- Born: William Dawson Coleman November 26, 1915 Rajahmundry, Andhra Pradesh (India)
- Died: October 22, 2001 (aged 85) Colebrook, Pennsylvania (United States of America)
- Other name: Coleman Ayyagaru
- Citizenship: American
- Education: B.A. (Muhlenberg),; B.D. (LTSP),; S.T.M. (LTSP),; Ph.D. (Hartford);
- Alma mater: - in India Kodaikanal International School, Dundigal, Tamil Nadu, - in the United States Muhlenberg College, Allentown, Pennsylvania,; Lutheran Theological Seminary at Philadelphia, Philadelphia,; Yale Divinity School, New Haven, Connecticut; Hartford Seminary, Hartford, Connecticut;
- Occupation: Priest
- Years active: 1938-2001 (44 years)
- Parent(s): Smt. Edith May Shoop and The Rev. Frederick Leroy Coleman, ELCA
- Religion: Christianity
- Church: Andhra Evangelical Lutheran Church (AELC)
- Ordained: 1939 at Lancaster, Pennsylvania
- Writings: 1948, The Doctrine of Incarnation in Hinduism and Christianity,; 1958, The Development of the Indigenous Church in the Andhra Area in India on the Background of Hinduism;
- Congregations served: Bheemavaram and Narsapur
- Offices held: Development Consultant Bheemavaram and Narsapur Fields (1941-1946),; East Godavari Synod (1948-1953),; ; Principal STBC-Ramayapatnam Baptist Theological College, Rajahmundry (1967-1972),; Andhra Christian Theological College, Rajahmundry/Hyderabad (1964-1973); SALC/AELC-Lutheran Theological College, Rajahmundry (1962-1964); ;
- Title: The Reverend Doctor

= William D. Coleman (pastor) =

Indian academic (1915–2001)

William D. Coleman (November 26, 1915 - October 22, 2001) was the first Principal of the Andhra Christian Theological College, Hyderabad. Coleman was born in India in Rajahmundry, Andhra Pradesh.

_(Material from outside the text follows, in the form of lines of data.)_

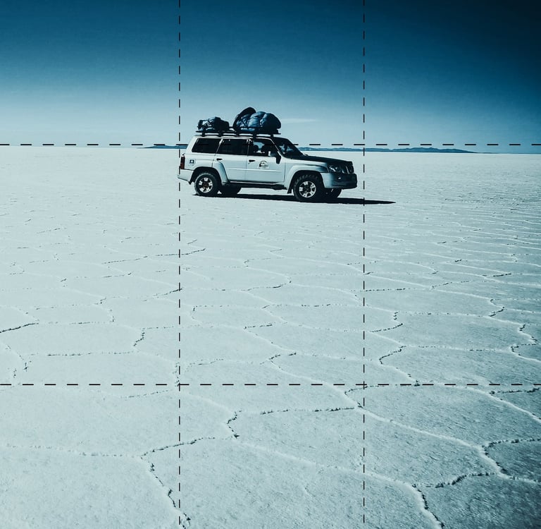 La règle des tiers : Imaginez votre image divisée en neuf sections égales. Placez vos sujets sur les lignes ou aux intersections pour un rendu équilibré (Paramétrable sur téléphone et appareil photo).
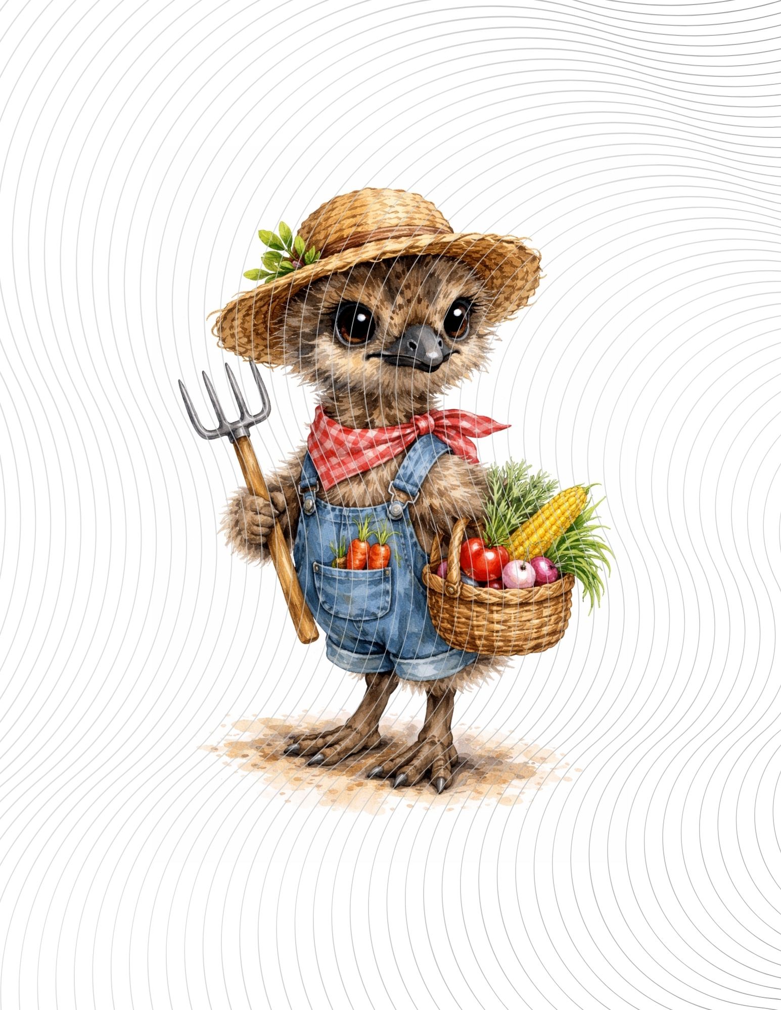 Adorable baby emu farmer wearing overalls and straw hat, holding pitchfork and vegetable basket, radiating rustic charm.
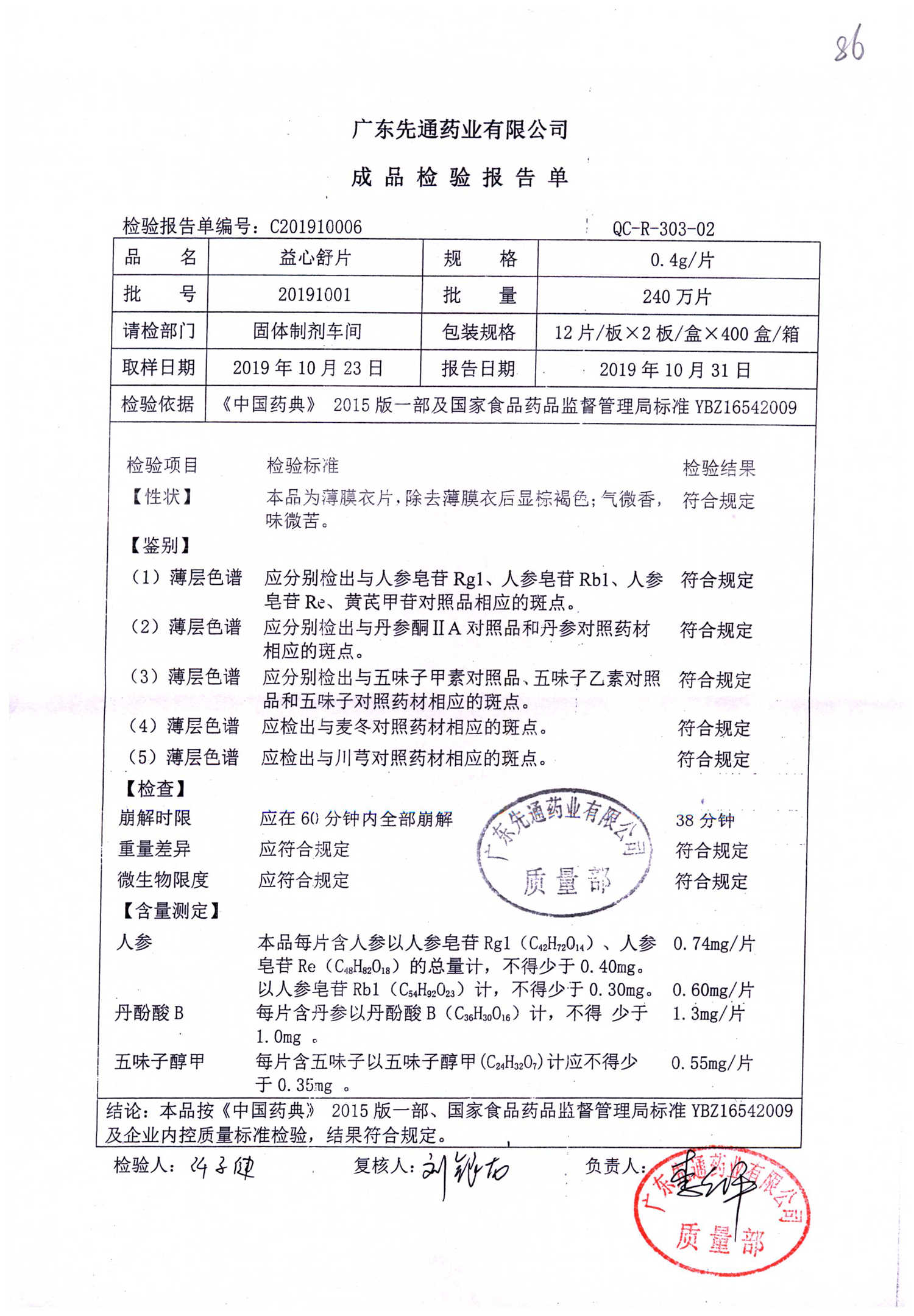 | 益心舒片 | 0.4g*24s | 20191105 | 查看詳情 |

When four theological colleges came together to start Andhra Christian Theological College in Rajahmundry, William D. Coleman was installed as the Principal of the College in 1964.

The Andhra Christian Theological College comprised faculty from four previous entities:
- Andhra Union Theological Seminary, Dornakal
- Baptist Theological Seminary, Kakinada
- Lutheran Theological College, Rajahmundry
- Ramayapatnam Baptist Theological Seminary, Ramayapatnam

W. D. Coleman worked in an ecumenical environment together with Baptists, Lutherans, Anglicans, and Wesleyans. It was Coleman who supervised the relocation of the College from Rajahmundry to Hyderabad as well as establishing the new campus in Hyderabad, especially during the Licence Raj.

==Studies==

===Scholastic and collegiate===
Coleman studied up to twelfth standard at the Kodaikanal International School, Dundigal in Tamil Nadu (India) and proceeded to the United States where he pursued a graduate degree in arts at the Muhlenberg College, Allentown in Pennsylvania from where he obtained a B.A. in 1936.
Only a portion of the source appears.